Goal of the exercise —
Leaving every picture out, repeat all of the entries below exactly.

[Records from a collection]
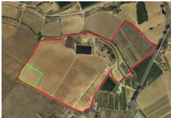
Croquis de Ubicación de la parcela de quercus y trufa en el CDA Las Nogueras.

La superficie de la parcela demostrativa dentro del proyecto es 0,70 has.
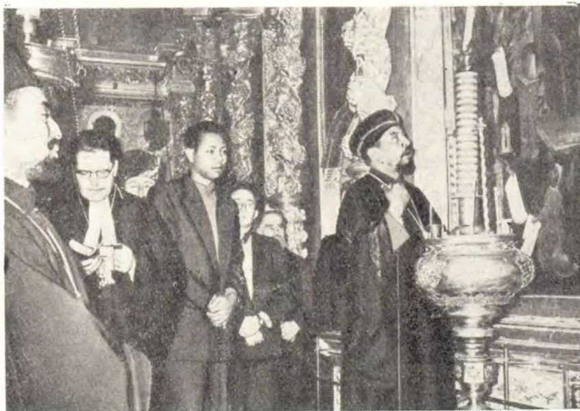
ДЕЛЕГАЦИЯ ЭФИОПСКОЙ ЦЕРКВИ В УСПЕНСКОМ СОБОРЕ ТРОИЦЕ-СЕРГИЕВОЙ ЛАВРЫ ЗА ЛИТУРГИЕЙ В ДЕНЬ УСПЕНИЯ ПРЕСВЯТОЙ БОГОРОДИЦЫ
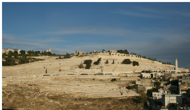
El Monte de los Olivos

Esta organización sionista mundial fue fundada en Basilea en 1897 y el primer gesto de los "Sabios de Sión" para la fundación de esta Tierra Santa fue de certificar con un símbolo de la resurrección del espíritu y de la lengua judía, sobre la Colina de Jerusalén, la supuesta tierra de los antepasados. Pusieron doce piedras para representar a las doce tribus de Israel.
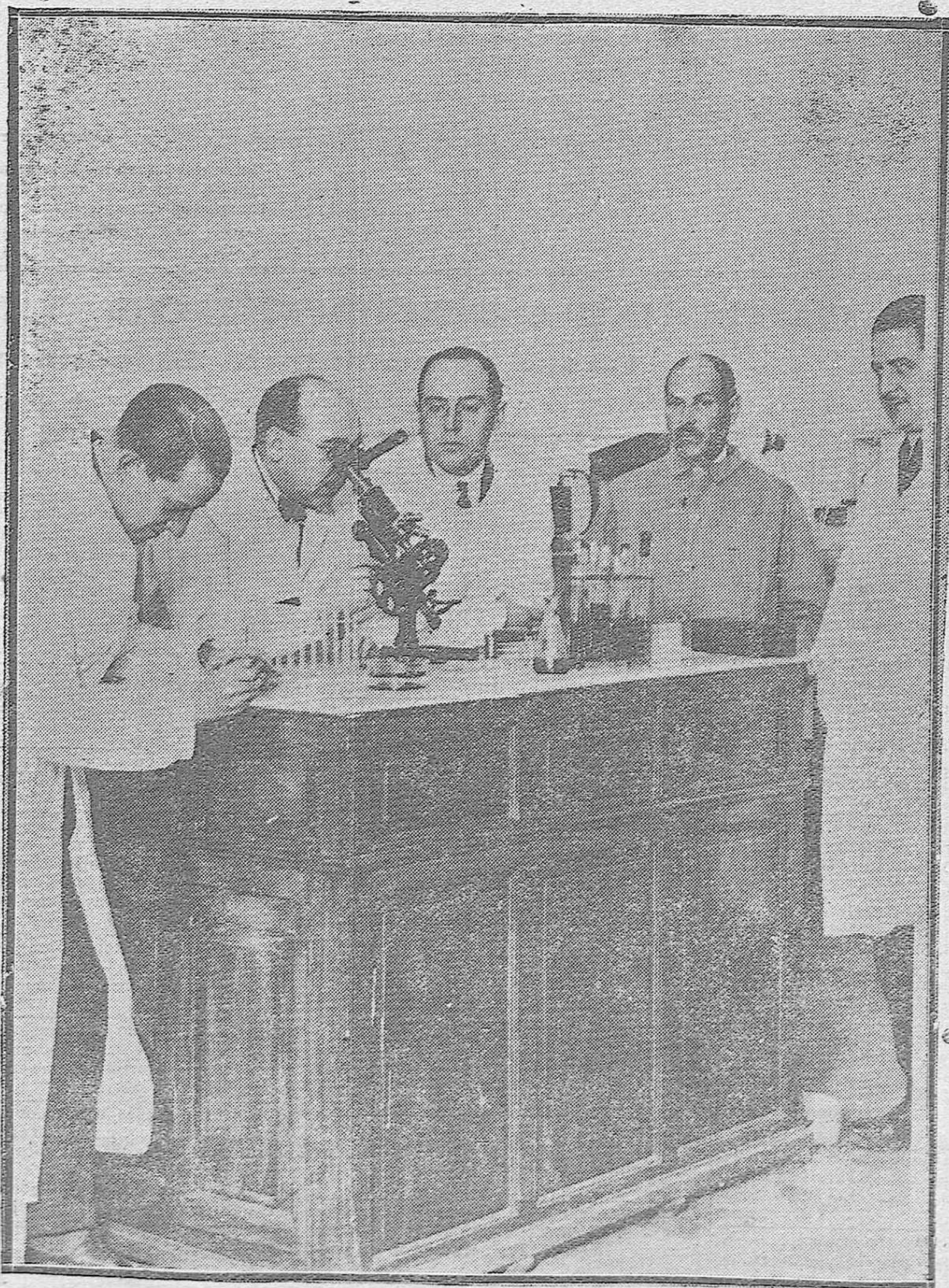
Uno de los grupos de médicos y farmacéuticos que han asistido al cursillo de química y bacteriología celebrado en el Instituto provincial de Higiene.
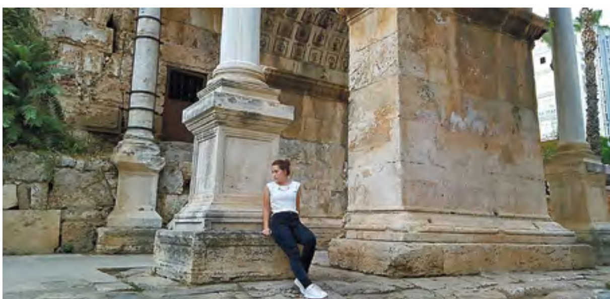
Ворота Адриана — одна из достопримечательностей Анталии

Трансферный гид встречает и провожает туристов, рассказывает, что можно делать и что нельзя. Некоторые люди в аэропорту плохо ориентируются, поэтому гидам приходится объяснять даже то, что обязательно нужно выложить металлические предметы из карманов
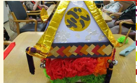
ベテルのお神輿も作ったよ
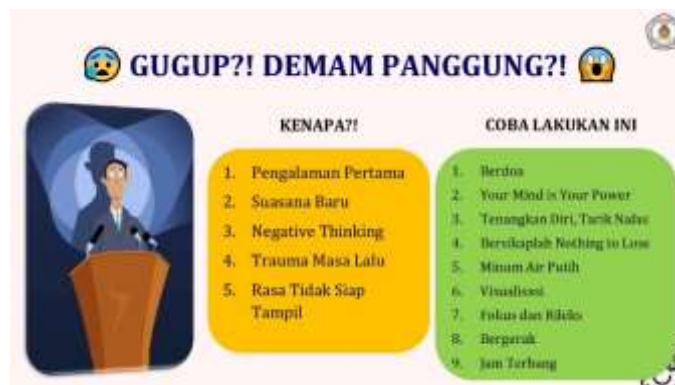
Gambar 7. Teknik Mengatasi Demam Panggung

Demam panggung berhubungan dengan kekuatan mental seseorang, sehingga tidak setiap teknik mengatasi demam panggung cocok antar satu orang dengan yang lainnya. Sehingga dalam mengatasi demam panggung, seseorang harus mengeksplorasi berbagai macam kiat dan menggabungkan kiat-kiat tersebut agar sesuai dengan kondisi mentalnya ketika berbicara di depan publik.
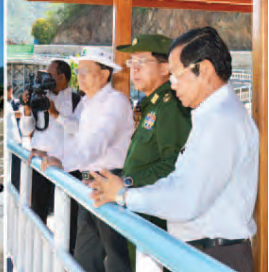
နိုင်ငံတော်သမ္မတ ဦးသိန်းစိန် မြို့ကြီးရေလျှောင့်တံစင်ဘက်စုံစီမံကိန်း ရှိ ပင်မရေလျှောင့်တံစင် တည်ဆောက်ပြီးစီးမှုကို ကြည့်ရှုစစ်ဆေးစဉ်။ (သတင်းစဉ်)

ဘက်စုံစီမံကိန်းတွင် ပူးပေါင်းဆောင်ရွက်လျက်ရှိသည့် တရုတ်ပြည်သူ့သမ္မတ နိုင်ငံ YMEC ကုမ္ပဏီမှ ပညာရှင်များအား သစ်သီးခြင်း လက်ဆောင်ပေးအပ် သည်။ ထို့နောက် နိုင်ငံတော်သမ္မတ၊ တပ်မတော်ကာကွယ်ရေးဦးစီးချုပ်နှင့် အဖွဲ့သည် မော်တော်ယာဉ်များဖြင့် မြို့ကြီးပင်မရေလျှောင့်တံစင်အပေါ်သို့ ရောက်ရှိကြပြီး ရေယူအဆောက်အအုံ တည်ဆောက်ပြီးစီးမှုနှင့် ရေဝင်ရောက်မှု
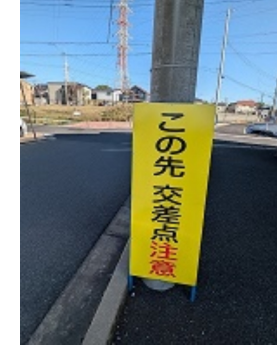
交差点の安全対策 (市野谷)4ヶ所に設置

ギャンブル等依存症セミナーに参加してきま した。流山市の取組みと、相談にのった体験 者の夫婦の事例報告がありました。(左端)
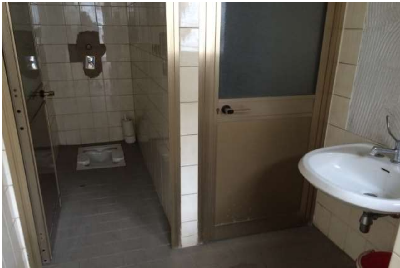
fig.24 – Servizio igienico, antibagno e locale spogliatoio per il personale
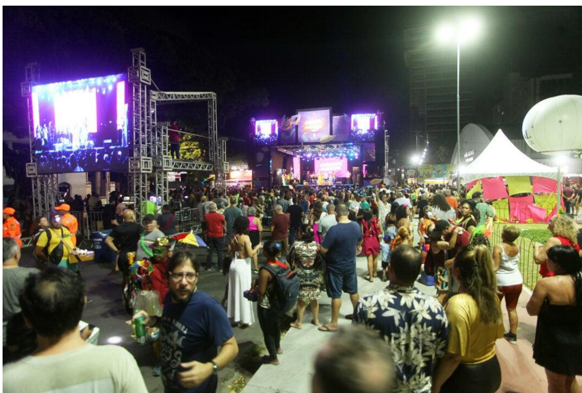
Público compareceu à abertura oficial do carnaval
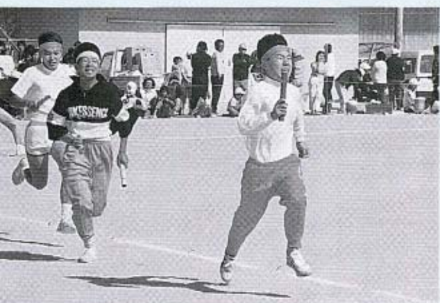
▲大会の花形は「地区別リレー」
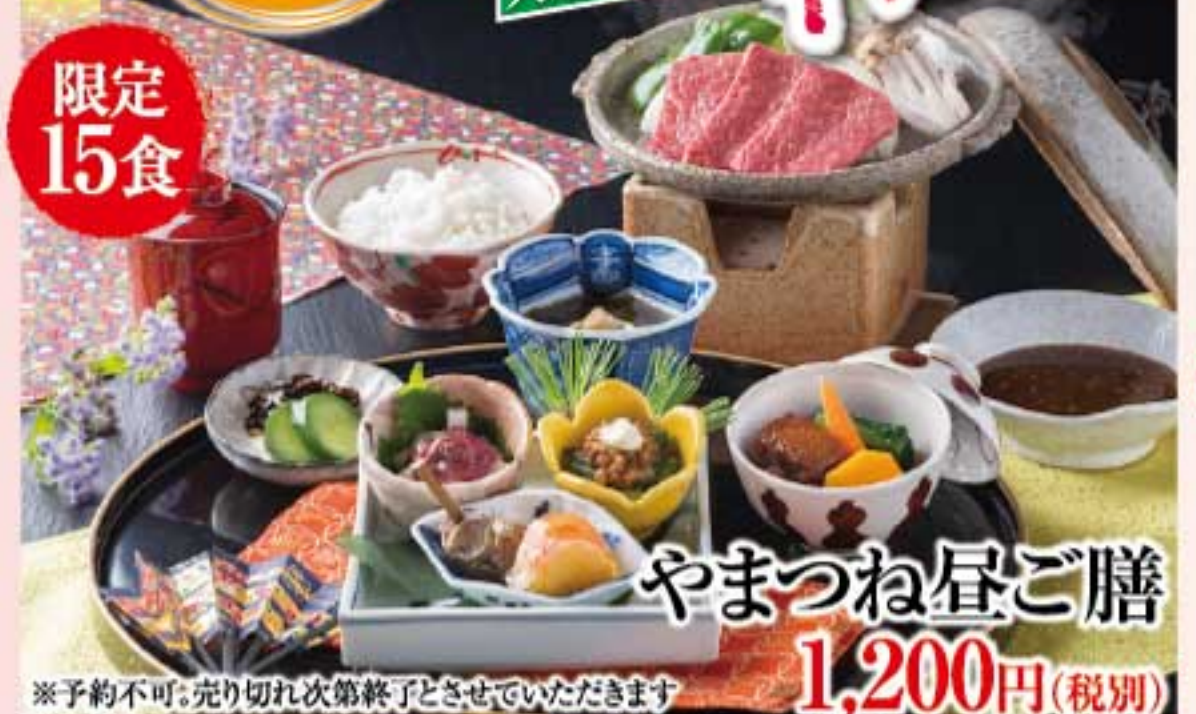
やまつね昼ご膳 1,200円(税別) ※予約不可。完り切れ次第終了とさせていただきます

ご来店いただく皆様から大好評をいただいております「山常楼のランチ」。秋は気候も穏やかになり、お昼からお集まりになるのはいかがでしょうか。女性が召し上げりやすいメニューも多く、楽しい美味しいお昼の時間をご用意しております。
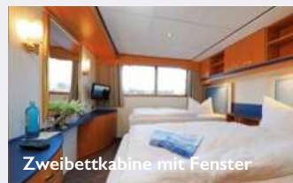
Zweibettkabine mit Fenster
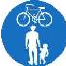
Geh- und Radweg ( gemeinsam geführter Weg )
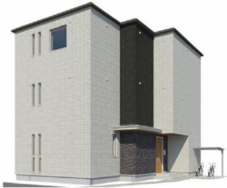
【完成予想図】実際の建物と異なる場合がございます。また、絵図中の周辺環境・植栽はイメージです。
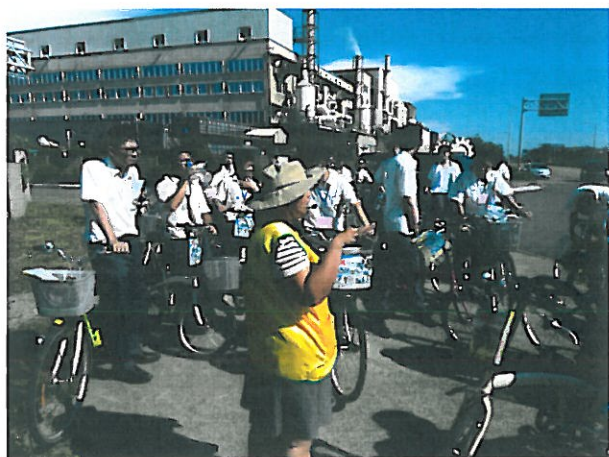
2.說明工業區廢水的處理方式
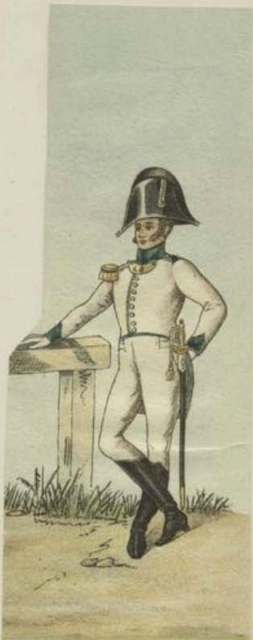
Officier d'infanterie, 1 er régiment.
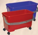
Eimer rot / blau mit Rollen
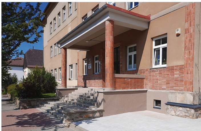
Vchod do Základní školy
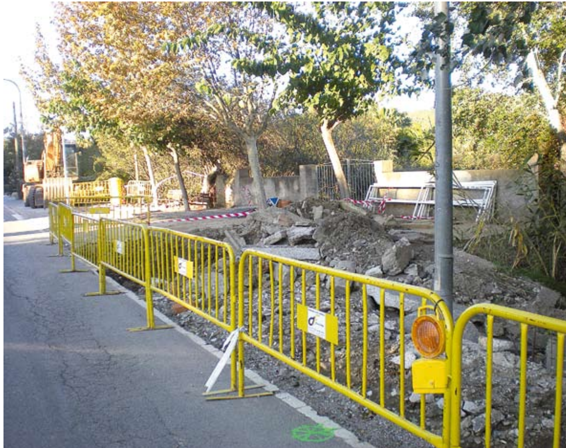
VIAL COMBINAT. En el tram que va de l'Ajuntament a la rotonda del port s'hi combinaran la vorera i el carril per als ciclistes

Vila explica que aquest projecte "és un primer pas del carril bici per connectar la vila i el port, que era una de les coses que havíem proposat". El projecte global -que ja fa temps que està planificat- preveu habilitar un sender al llarg de tota la zona d'hortos, però està encallat per manca de finan-
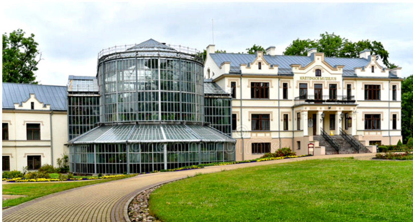
Pałac Tyszkiewiczów w Kretyndze. W środku, oszklony Ogród Zimowy z egzotycznymi roślinami.
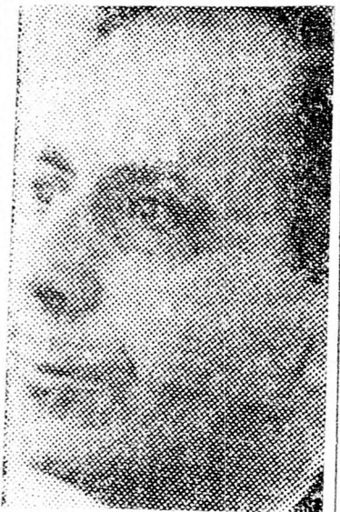
SLOMO HILLEL A hatnapos háború előtt is

rendőrszjele és a környékbeli települések vezetői előtt tartott

Answer section —
Croquis de Ubicación de la parcela de quercus y trufa en el CDA Las Nogueras.

La superficie de la parcela demostrativa dentro del proyecto es 0,70 has.
ДЕЛЕГАЦИЯ ЭФИОПСКОЙ ЦЕРКВИ В УСПЕНСКОМ СОБОРЕ ТРОИЦЕ-СЕРГИЕВОЙ ЛАВРЫ ЗА ЛИТУРГИЕЙ В ДЕНЬ УСПЕНИЯ ПРЕСВЯТОЙ БОГОРОДИЦЫ
El Monte de los Olivos

Esta organización sionista mundial fue fundada en Basilea en 1897 y el primer gesto de los "Sabios de Sión" para la fundación de esta Tierra Santa fue de certificar con un símbolo de la resurrección del espíritu y de la lengua judía, sobre la Colina de Jerusalén, la supuesta tierra de los antepasados. Pusieron doce piedras para representar a las doce tribus de Israel.
Uno de los grupos de médicos y farmacéuticos que han asistido al cursillo de química y bacteriología celebrado en el Instituto provincial de Higiene.
Ворота Адриана — одна из достопримечательностей Анталии

Трансферный гид встречает и провожает туристов, рассказывает, что можно делать и что нельзя. Некоторые люди в аэропорту плохо ориентируются, поэтому гидам приходится объяснять даже то, что обязательно нужно выложить металлические предметы из карманов
ベテルのお神輿も作ったよ
Gambar 7. Teknik Mengatasi Demam Panggung

Demam panggung berhubungan dengan kekuatan mental seseorang, sehingga tidak setiap teknik mengatasi demam panggung cocok antar satu orang dengan yang lainnya. Sehingga dalam mengatasi demam panggung, seseorang harus mengeksplorasi berbagai macam kiat dan menggabungkan kiat-kiat tersebut agar sesuai dengan kondisi mentalnya ketika berbicara di depan publik.
နိုင်ငံတော်သမ္မတ ဦးသိန်းစိန် မြို့ကြီးရေလျှောင့်တံစင်ဘက်စုံစီမံကိန်း ရှိ ပင်မရေလျှောင့်တံစင် တည်ဆောက်ပြီးစီးမှုကို ကြည့်ရှုစစ်ဆေးစဉ်။ (သတင်းစဉ်)

ဘက်စုံစီမံကိန်းတွင် ပူးပေါင်းဆောင်ရွက်လျက်ရှိသည့် တရုတ်ပြည်သူ့သမ္မတ နိုင်ငံ YMEC ကုမ္ပဏီမှ ပညာရှင်များအား သစ်သီးခြင်း လက်ဆောင်ပေးအပ် သည်။ ထို့နောက် နိုင်ငံတော်သမ္မတ၊ တပ်မတော်ကာကွယ်ရေးဦးစီးချုပ်နှင့် အဖွဲ့သည် မော်တော်ယာဉ်များဖြင့် မြို့ကြီးပင်မရေလျှောင့်တံစင်အပေါ်သို့ ရောက်ရှိကြပြီး ရေယူအဆောက်အအုံ တည်ဆောက်ပြီးစီးမှုနှင့် ရေဝင်ရောက်မှု
交差点の安全対策 (市野谷)4ヶ所に設置

ギャンブル等依存症セミナーに参加してきま した。流山市の取組みと、相談にのった体験 者の夫婦の事例報告がありました。(左端)
fig.24 – Servizio igienico, antibagno e locale spogliatoio per il personale
Público compareceu à abertura oficial do carnaval
▲大会の花形は「地区別リレー」
やまつね昼ご膳 1,200円(税別) ※予約不可。完り切れ次第終了とさせていただきます

ご来店いただく皆様から大好評をいただいております「山常楼のランチ」。秋は気候も穏やかになり、お昼からお集まりになるのはいかがでしょうか。女性が召し上げりやすいメニューも多く、楽しい美味しいお昼の時間をご用意しております。
Zweibettkabine mit Fenster
Geh- und Radweg ( gemeinsam geführter Weg )
【完成予想図】実際の建物と異なる場合がございます。また、絵図中の周辺環境・植栽はイメージです。
2.說明工業區廢水的處理方式
Officier d'infanterie, 1 er régiment.
Eimer rot / blau mit Rollen
Vchod do Základní školy
VIAL COMBINAT. En el tram que va de l'Ajuntament a la rotonda del port s'hi combinaran la vorera i el carril per als ciclistes

Vila explica que aquest projecte "és un primer pas del carril bici per connectar la vila i el port, que era una de les coses que havíem proposat". El projecte global -que ja fa temps que està planificat- preveu habilitar un sender al llarg de tota la zona d'hortos, però està encallat per manca de finan-
Pałac Tyszkiewiczów w Kretyndze. W środku, oszklony Ogród Zimowy z egzotycznymi roślinami.
SLOMO HILLEL A hatnapos háború előtt is

rendőrszjele és a környékbeli települések vezetői előtt tartott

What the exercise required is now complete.